Los miembros de la caterva de amigos fundamos un movimiento poético mentado “Con el pie en la licuadora”, que produjo bizarras películas en super-8 y una gozadera cogeculística divina. Doris me prodiga sesiones de sexo oral que nadie ha logrado igualar. Rita me obsequia su virginidad y el Triglok, un novedoso juego de estrategia que pretende suplantar al ajedrez.

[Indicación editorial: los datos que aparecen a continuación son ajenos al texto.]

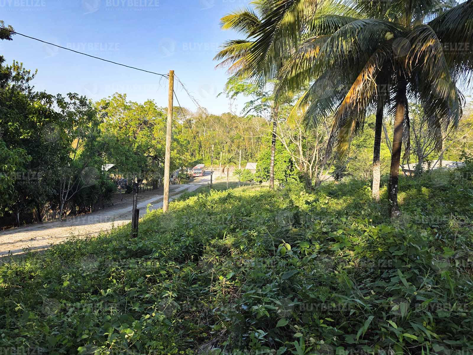 As you explore the landscape, you will discover a variety of flourishing fruit trees, including coconut and cohune palms, which add to the natural charm of the property. Additionally, the land boasts stunning views of the surrounding hills.

Una noche se nos metió en la cabeza la idea de asaltar la estación de gasolina de Chuao, que se la pasaba abierta de madrugada, con un solo bombero de guardia. La hazaña se redujo a irnos sin pagar el tanque full de 95 octanos. La utopía del viaje en conjunto a Europa seguiría rondándonos, sin concretarse.
No salgo en la UCV ni en la UCAB. No obtengo la Gran Mariscal. Egreso años después del instituto técnico superior universitario de seguros, con mi título en Ciencias Actuariales.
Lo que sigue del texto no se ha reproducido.